== RECORD EXCERPTS ==
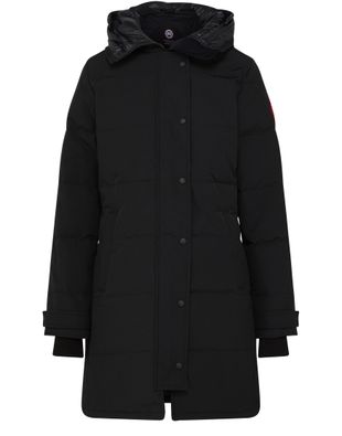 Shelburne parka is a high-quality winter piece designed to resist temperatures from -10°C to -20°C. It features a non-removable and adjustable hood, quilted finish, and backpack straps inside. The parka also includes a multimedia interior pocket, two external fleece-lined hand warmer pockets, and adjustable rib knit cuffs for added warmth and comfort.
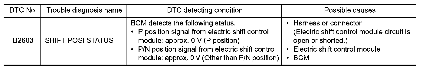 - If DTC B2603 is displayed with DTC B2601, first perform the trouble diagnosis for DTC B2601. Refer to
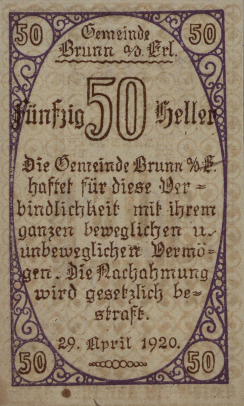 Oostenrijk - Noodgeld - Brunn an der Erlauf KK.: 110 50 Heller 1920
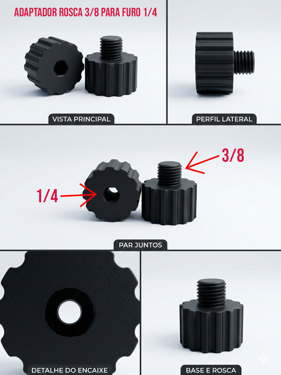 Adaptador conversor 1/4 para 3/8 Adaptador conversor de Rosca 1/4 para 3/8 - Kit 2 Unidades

...

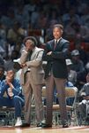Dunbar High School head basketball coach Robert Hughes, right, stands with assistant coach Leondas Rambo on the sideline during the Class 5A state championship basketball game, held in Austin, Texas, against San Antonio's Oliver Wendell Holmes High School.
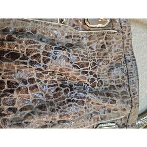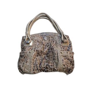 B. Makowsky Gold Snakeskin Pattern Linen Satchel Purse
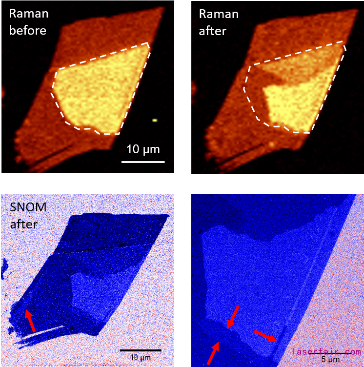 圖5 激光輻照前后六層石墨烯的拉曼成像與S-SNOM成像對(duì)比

...

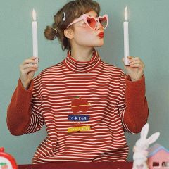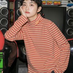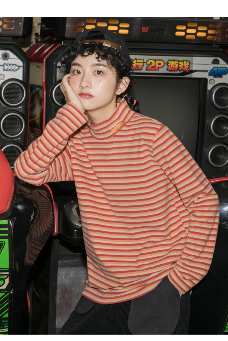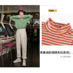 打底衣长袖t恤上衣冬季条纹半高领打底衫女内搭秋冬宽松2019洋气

== YOUR INSTRUCTIONS ==
Word for word, repeat the lines above from the one with "Oostenrijk - Noodgeld" through the one with "Adaptador conversor 1/4", and nothing beyond them. Omit the pictures.

== ANSWER TO THIS TASK ==
 Oostenrijk - Noodgeld - Brunn an der Erlauf KK.: 110 50 Heller 1920
 Adaptador conversor 1/4 para 3/8 Adaptador conversor de Rosca 1/4 para 3/8 - Kit 2 Unidades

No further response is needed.